* [DATA SHOWN]
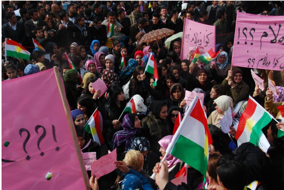
Demonstration on 8 March, International Women's Day 2011, at Sara Square, Sulaimaniya
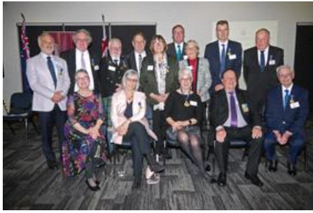
Caption: South Australian recipients of the Queen's Birthday Awards at the Branch reception 27 th September 2018.
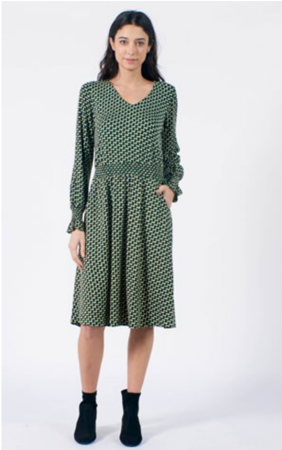
STYLE: HILDA PRINT: SQUIGGLE FABRIC: 97% VISCOSE, 3% ELASTANE FSC CERTIFIED FABRIC

SIZES: UK8/XS, UK10/S UK12/M UK14/L UK16/XL UK18/XXL

* [TASK DESCRIPTION] Leaving each image aside, repeat the listing above exactly.

* [OUTPUT]
Demonstration on 8 March, International Women's Day 2011, at Sara Square, Sulaimaniya
Caption: South Australian recipients of the Queen's Birthday Awards at the Branch reception 27 th September 2018.
STYLE: HILDA PRINT: SQUIGGLE FABRIC: 97% VISCOSE, 3% ELASTANE FSC CERTIFIED FABRIC

SIZES: UK8/XS, UK10/S UK12/M UK14/L UK16/XL UK18/XXL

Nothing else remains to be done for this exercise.